What Makes This Special: Unlike Capstones A and B, this one has real consequences. The project you're deploying is code you actually care about. The service file must actually work. The security hardening must not break your application. This is where the Linux Operations Framework proves its value — or exposes gaps in your understanding.

Deliverables:

  • REQUIREMENTS.md — What your project needs to run in production
  • DEPLOYMENT-PLAN.md — Complete deployment architecture
  • deploy-my-agent.sh — Working, tested, idempotent deployment script
  • agent.service — Production-grade systemd service file
  • VERIFICATION-REPORT.md — Evidence that everything works (screenshots, command output, health check results)
  • WHAT-I-LEARNED.md — What worked, what surprised you, what you'd do differently

Reflection Questions:

  1. Were your project's deployment requirements simpler or more complex than you expected? What surprised you?
  2. Which part of the deployment was hardest — the service file, the security hardening, or the automation script?
  3. Will you maintain this deployment going forward? What's the minimum maintenance effort to keep it running?

What's Next

You've practiced the full range of Linux operations across 14 exercises and 3 capstone projects — filesystem recon, text processing, session management, scripting, log forensics, security auditing, service configuration, cascade debugging, and deployment automation. More importantly, you've practiced them on messy, realistic server scenarios where commands have consequences and one wrong permission can cascade into a production outage.

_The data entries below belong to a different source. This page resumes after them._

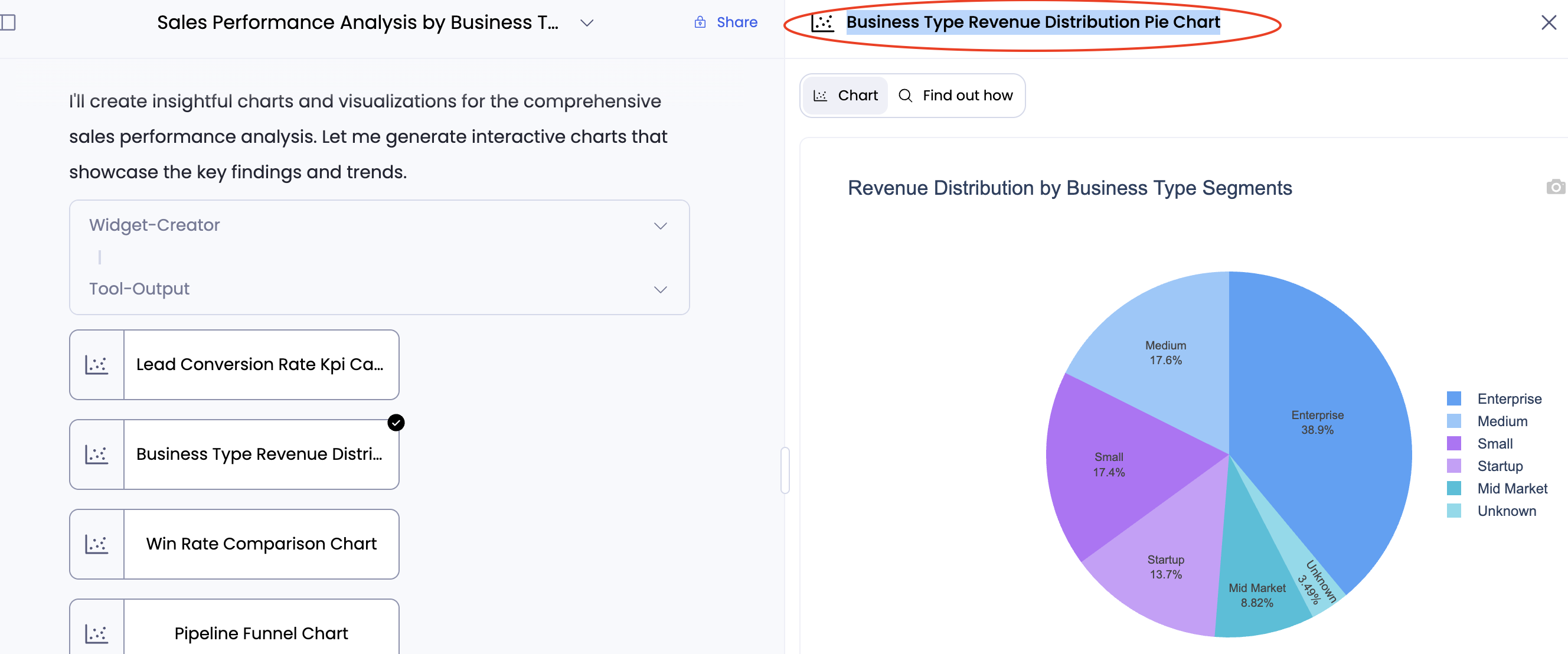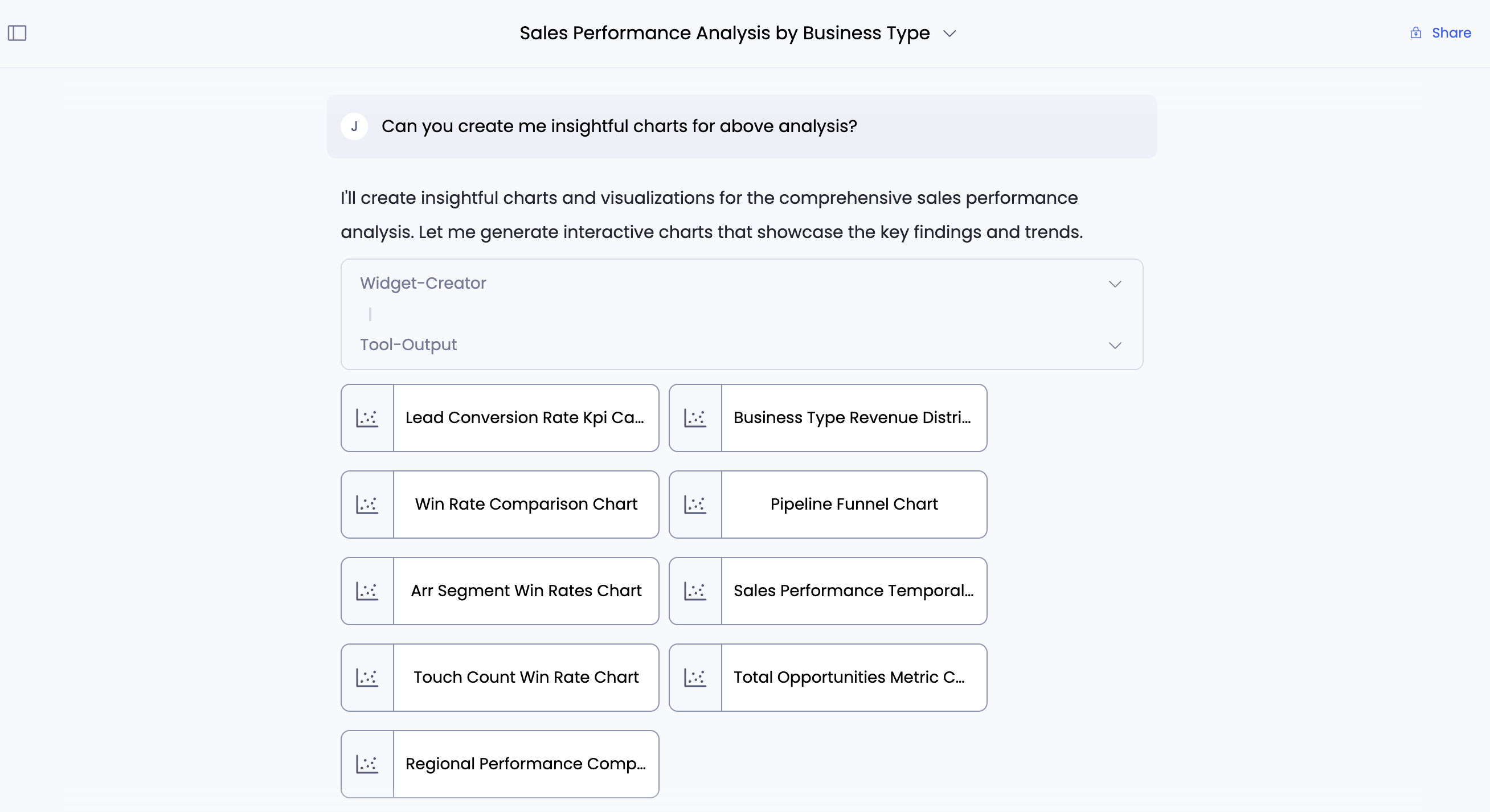 Suppose you want a comprehensive sales performance analysis covering trends, segment breakdowns, pipeline conversion, touch-to-win correlations, and geography. You prompt Petavue with that multi-part question.
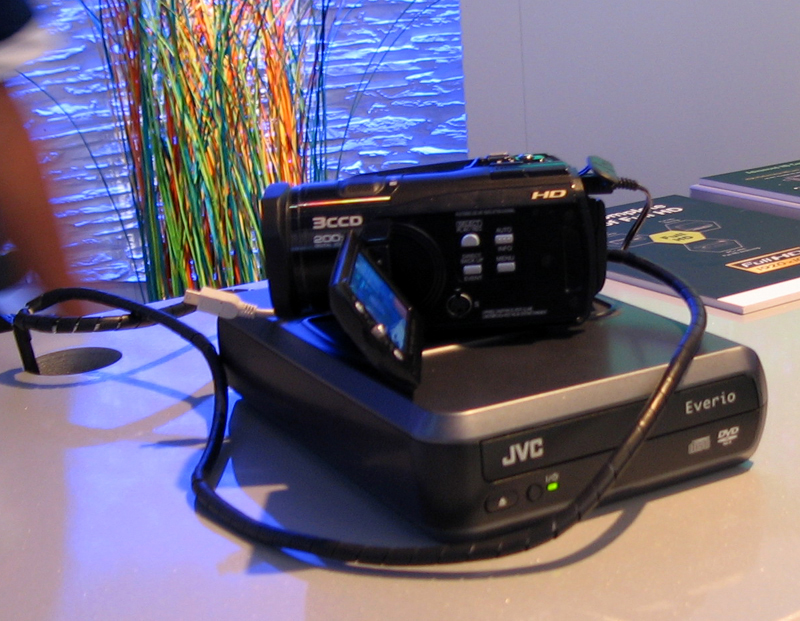 Everioの GZ-HD3は専用DVD ライターとともにデモ
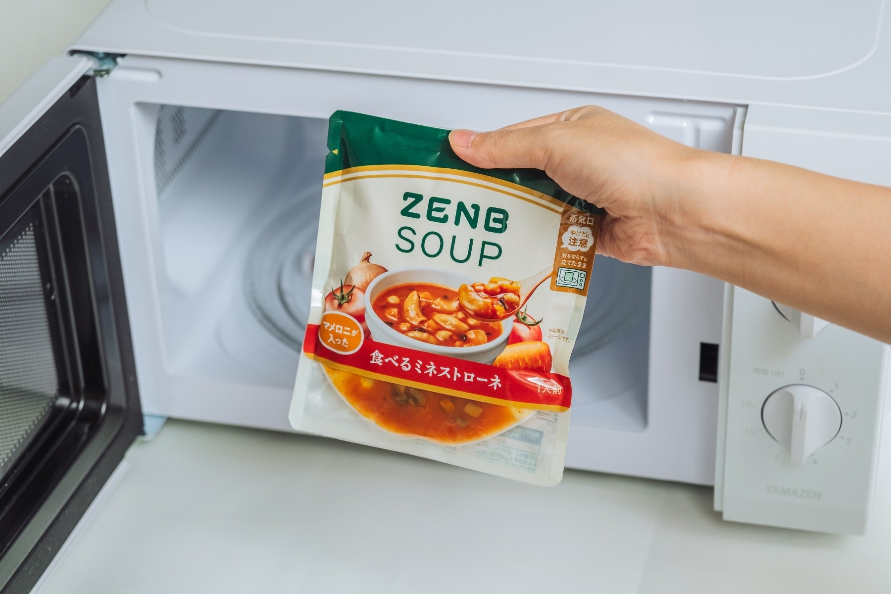酸味や旨みといったトマト本来の味わいを活かし、バジルの爽やかさをアクセントに加えた「ZENBマメロニ」入りミネストローネ。フレッシュ感のあるトマトをベースに、ほっくり食感のひよこ豆や、やさしい食感の豆パスタ、プリっと食感のマッシュルームと、いろんな食感を楽しめます。
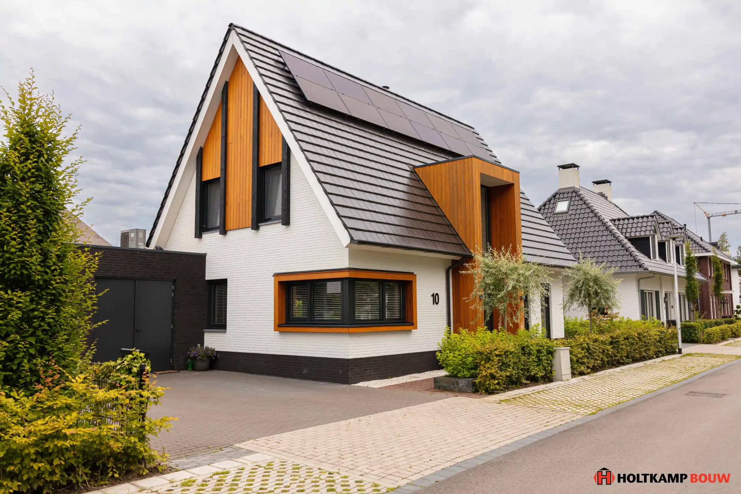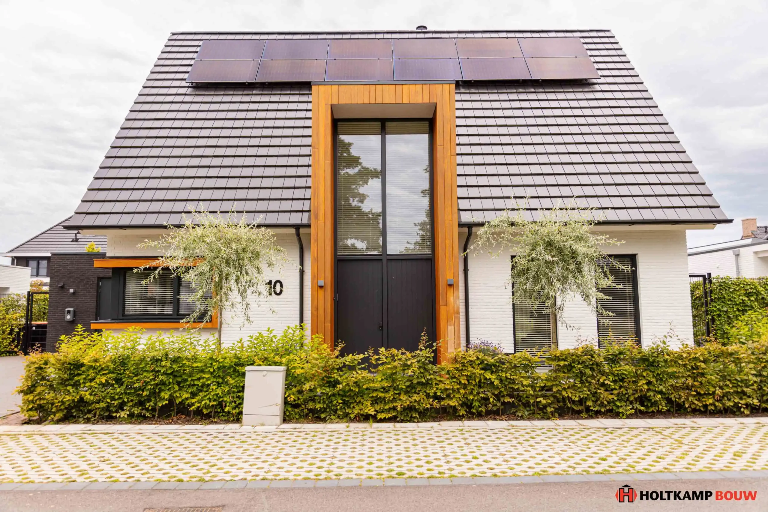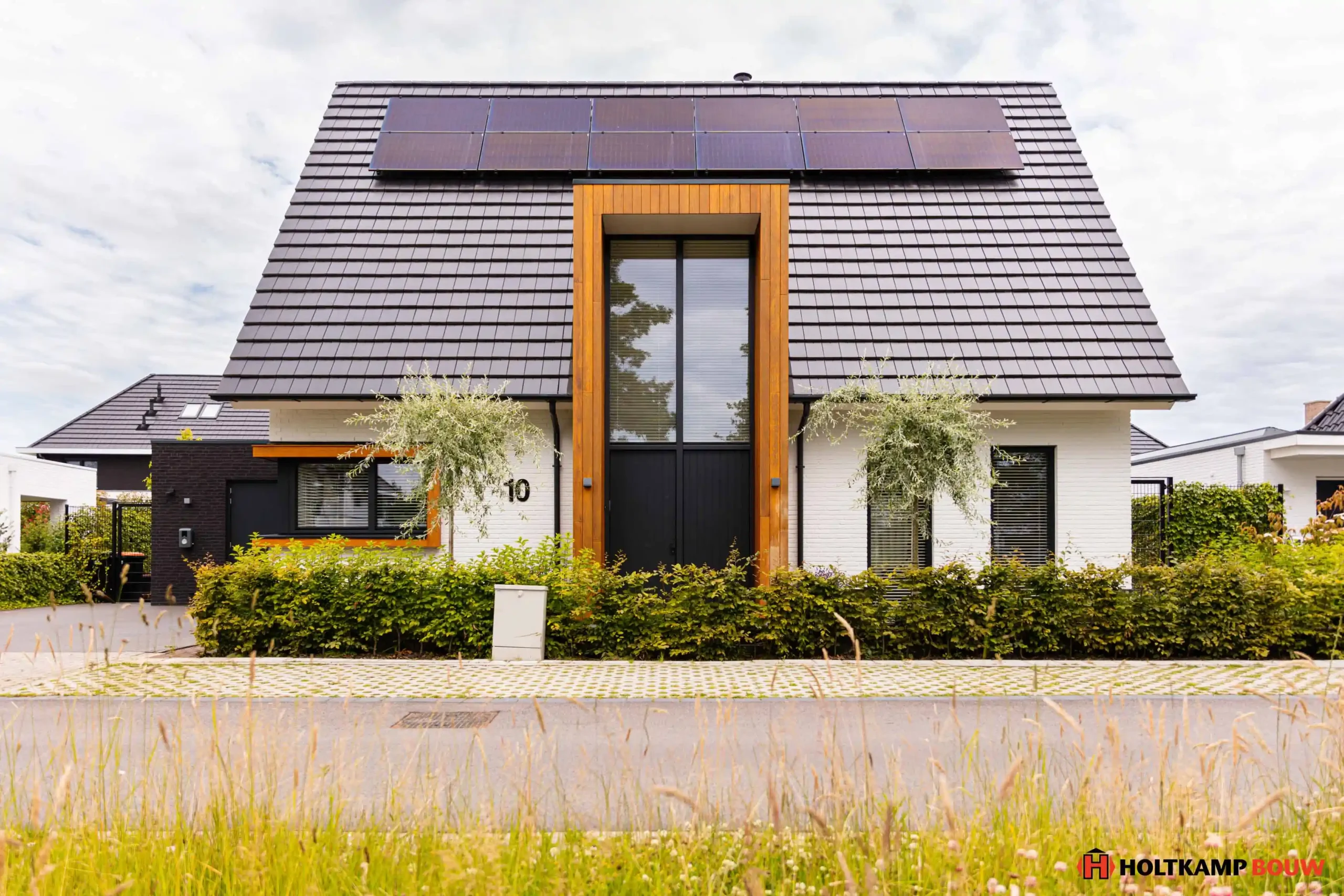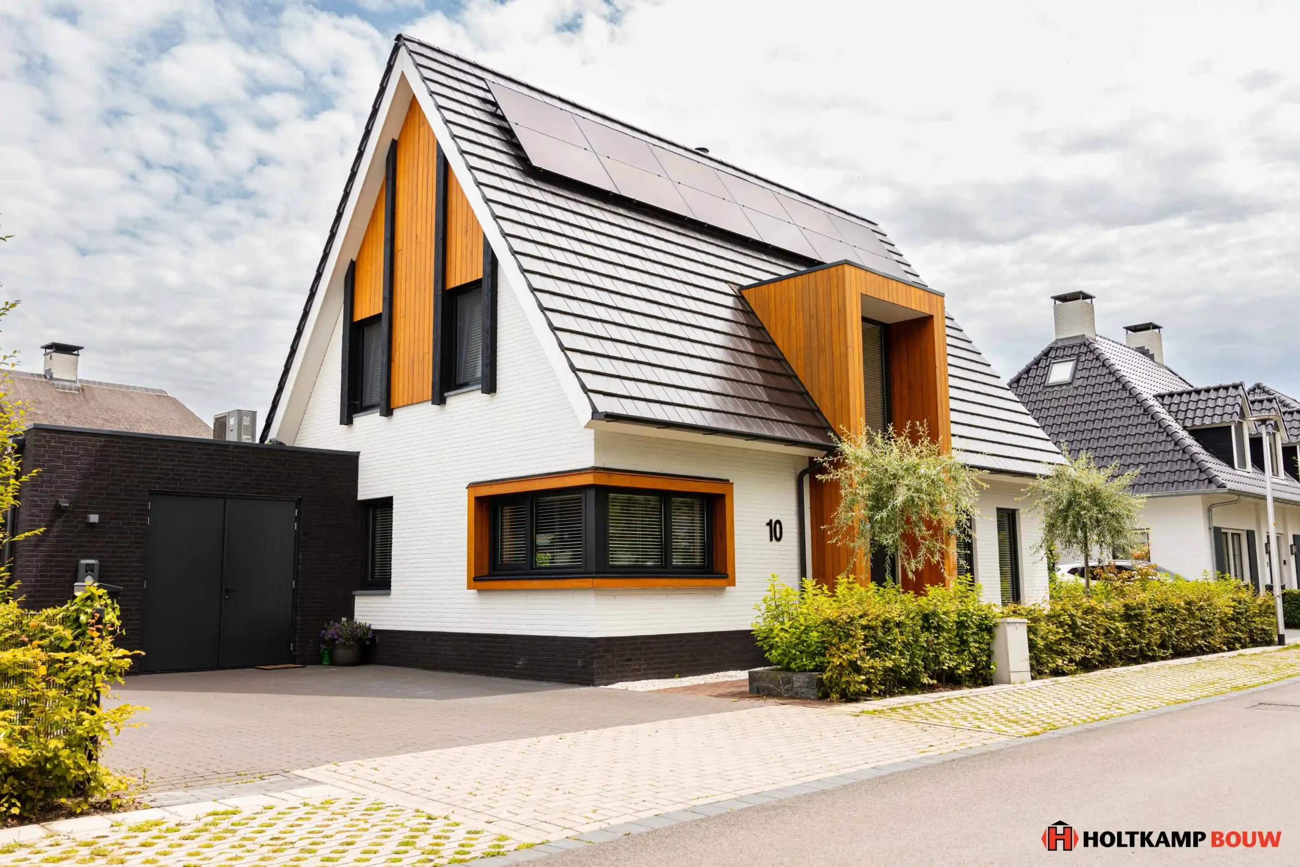 Met een goothoogte van 3500mm behoudt de woning een menselijke schaal, terwijl het toch een imposante uitstraling heeft. Zoals bij alle projecten van Holtkamp Bouw, is deze woning een eigen ontwerp, wat betekent dat elk detail nauwkeurig is afgestemd op de wensen van de klant en de specifieke kenmerken van de locatie.
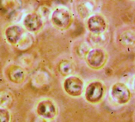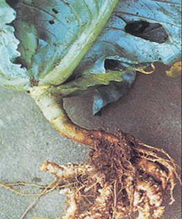 All members of this group are obligate parasites. Plasmodiophora brassicae produces uninucleate, biflagellate primary zoospores which penetrate a root hair of its host, cabbage (Brassica oleracea). Inside, they grow into multinucleate but still microscopic primary plasmodia. These eventually develop a wall and divide internally into uninucleate secondary sporangia. These germinate, releasing four secondary, biflagellate zoospores which leave the host. These may also act as gametes, fusing in pairs, but soon infect a root again, developing within host cells into multinucleate secondary plasmodia. At maturity, these can cleave into uninucleate cysts, each containing a single spore, which can persist in the soil for many years. This parasite stimulates the cabbage roots to become grossly swollen, a serious disease condition known as "club root" (shown below).
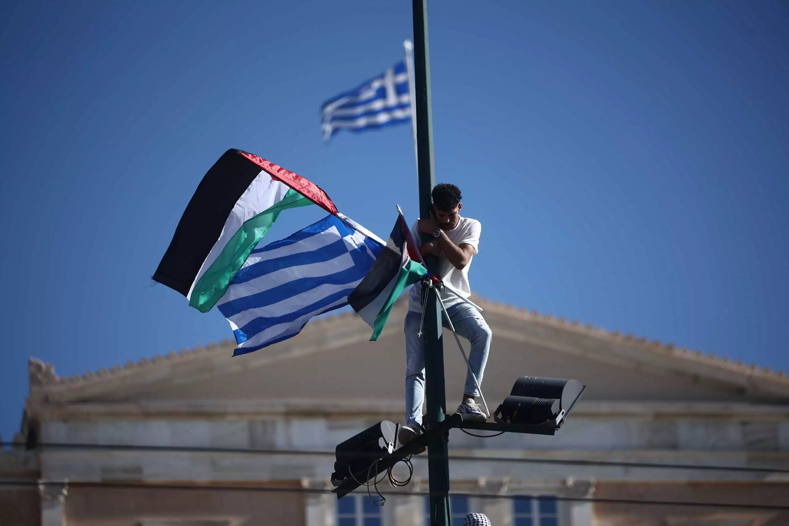 საბერძნეთის პოლიციამ დააკავა 22 წლის მამაკაცი, რომელმაც 5 ნოემბერს, კვირას, სინდაგმის მოედანზე გამართული აქციის დროს თავისი ქვეყნის, პალესტინის დროშა აღმართა.
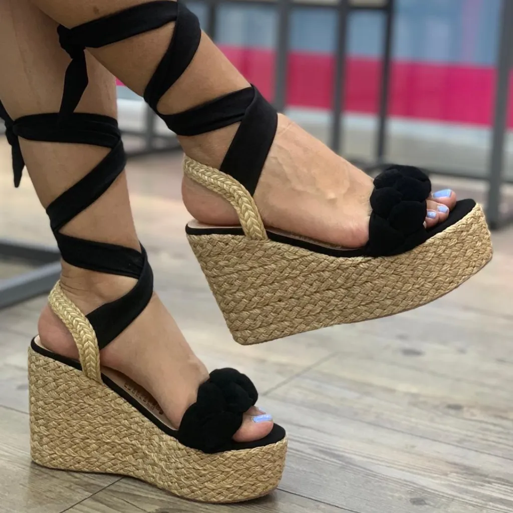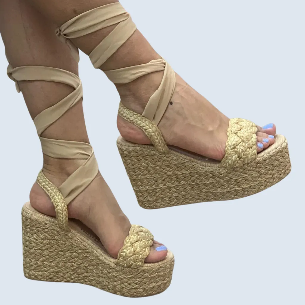 PLATAFORMA YUTE CAPELLADA TRENZA Y TIRAS DE AMARRAR
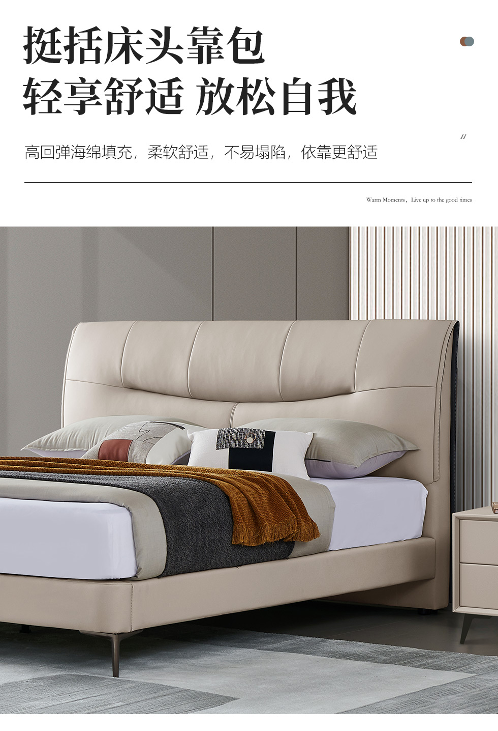 A系优选 现代简约 生态科技皮+实木框架+钢木排骨架+碳素钢金属脚 1.8米软床+2个床头柜(价格不含高箱,如需定制请咨询客服)

The Linux Operations Framework you've internalized (Investigate, Plan, Backup, Execute, Verify, Document, Automate) transfers to any domain where you direct General Agents to operate on servers, deploy services, or manage infrastructure. Whether you're deploying a new agent, recovering from a server failure, or hardening a production environment, the same seven steps prevent the same classes of mistakes.

These patterns become the foundation for the Digital FTE vision in later chapters. The investigation habits, the security instincts, the automation discipline, and the documentation practices you built here are exactly what AI Employees need to operate independently on production infrastructure. The deploy scripts you wrote, the forensic reports you compiled, and the verification workflows you practiced are the building blocks of autonomous agent operations — they just need those patterns encoded as skills rather than typed as prompts.